No. Victoria moved on that, and it is the Victorian model that we are
looking to in the legislation that we have brought forward. It was an excellent
report, titled ''Are we there yet? How WA Police determines whether
traffic law enforcement is effective''. What was pointed out in the
committee report, and what is well known and well researched, is that where
there is a combination of drugs and alcohol, the risk goes up exponentially.
These kinds of changes are very necessary.
The other thing that the former
Minister for Road Safety sat on her hands about was the penalties for drink and
drug–driving. They lag so far behind other states. The member for
Girrawheen asked for the comparison. For example, this is where they currently
sit: a blood alcohol content of 0.05 per cent in Western Australia attracts a $500
fine, compared with $1 000 in South Australia, $1 828 in Queensland, and $3 223
in Victoria. It lags at only $500 here.
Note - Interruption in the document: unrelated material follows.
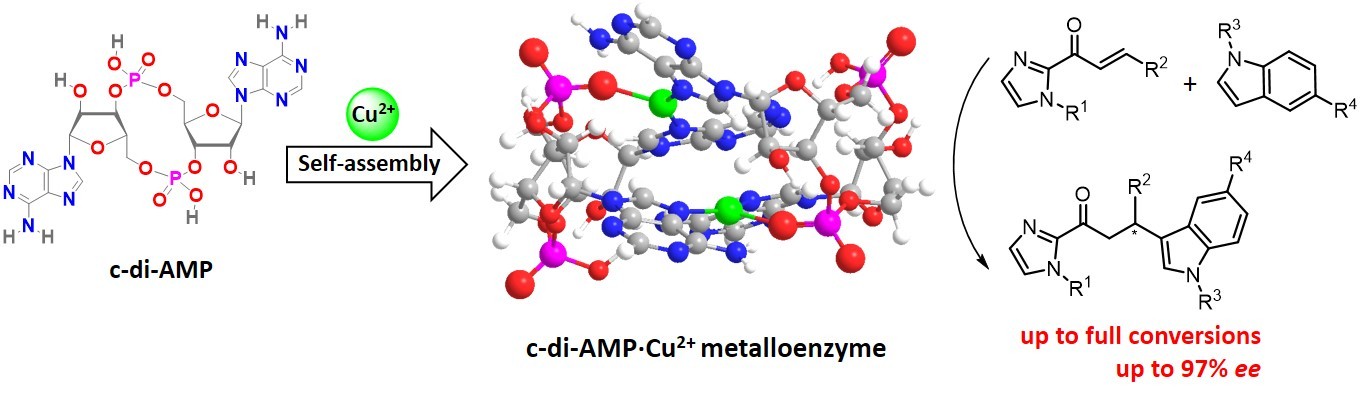 功能材料表界面化学研究团队王长号副教授、陈亚芍教授和德国康斯坦茨大学Jörg S. Hartig教授、中科院大连化物所李灿院士合作发现一种环二核苷酸c-di-AMP和铜离子自组装形成稳定的人工RNA金属酶,对水相中的不对称Friedel-Crafts反应表现出优异的手性催化性能。环二核苷酸(CDNs)是一类天然的环状RNA分子,它们含有两分子的核糖核苷酸和一个12元环结构。它们在自然界中作为第二信使分子参与信号传导和调节生理过程,但是,关于CDNs的催化功能研究尚未见报道。CDNs在不同的条件下可以形成多种空间构型,这为发展基于CDN的人工RNA金属酶提供了手性骨架。该团队在研究中发现一种含有两个腺苷酸的环二核苷酸c-di-AMP和Cu2+离子能有效组装成人工RNA金属酶,对水相中的不对称Friedel-Crafts反应表现出高的反应活性和优异的手性选择性,最高ee值达到97%。相比空白反应,人工c-di-AMP金属酶提高反应速率3000倍以上。与单独铜离子相比,人工c-di-AMP金属酶也可以提高反应速率近20倍。控制实验表明,人工CDN金属酶中的两个腺苷酸和12元环结构对于CDN金属酶的手性催化性能至关重要。光谱表征和DFT计算表明,两分子c-di-AMP和Cu2+离子组装成二聚体结构,其中两个来自不同c-di-AMP的一个A碱基形成平面结构。Cu2+离子位于A-A平面中间,通过两个A碱基的N7位和临近的磷酸基的一个氧原子相互作用形成人工c-di-AMP金属酶。本研究表明CDNs可以作为一类稳定的手性骨架用于组装人工RNA金属酶,未来有望解决更多类型的水相反应。另外,CDNs是一类天然环状RNA分子,本研究为发掘CDNs在自然界中的潜在催化功能提供了研究依据。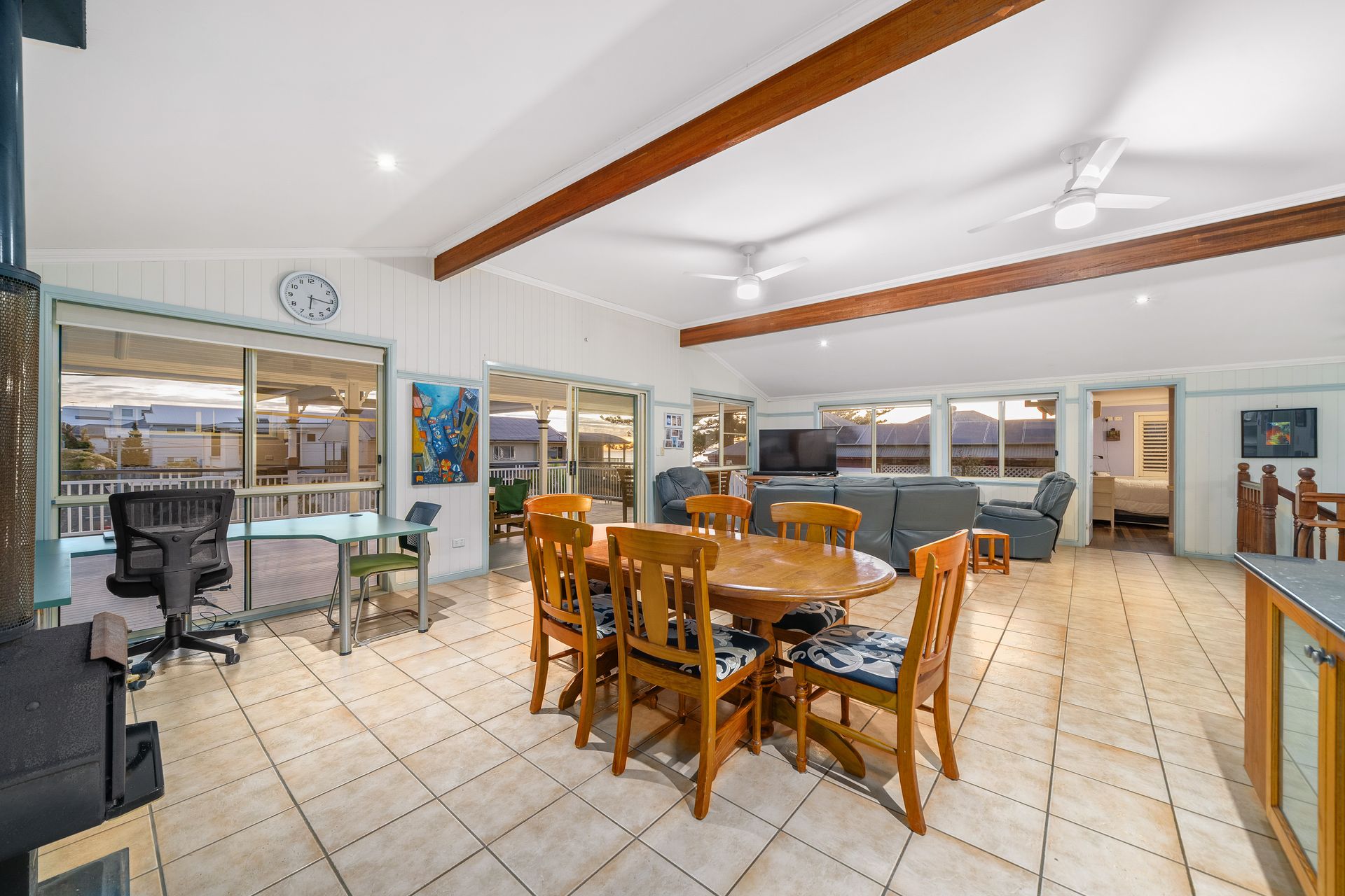 Set over two levels, this five-bedroom home spacious living suitable for multigenerational families, large households, and those working from home. Classic Queenslander features such as VJ panels, raked ceilings, and timeless hallway arches add elegant details throughout.

These are some of the things that we
are now moving to address because we had a previous Minister for Police; Road
Safety who took no interest in road safety, showed no leadership and did
nothing, just like she did not do anything about the calculation of breath
tests. She said she was looking into that in about 2014 or 2015, but she did
nothing there either. By comparison, we are moving ahead. It is sad that we are
having to play catch up with other states, but the problem is that we had a previous
minister who did nothing and did not show any leadership.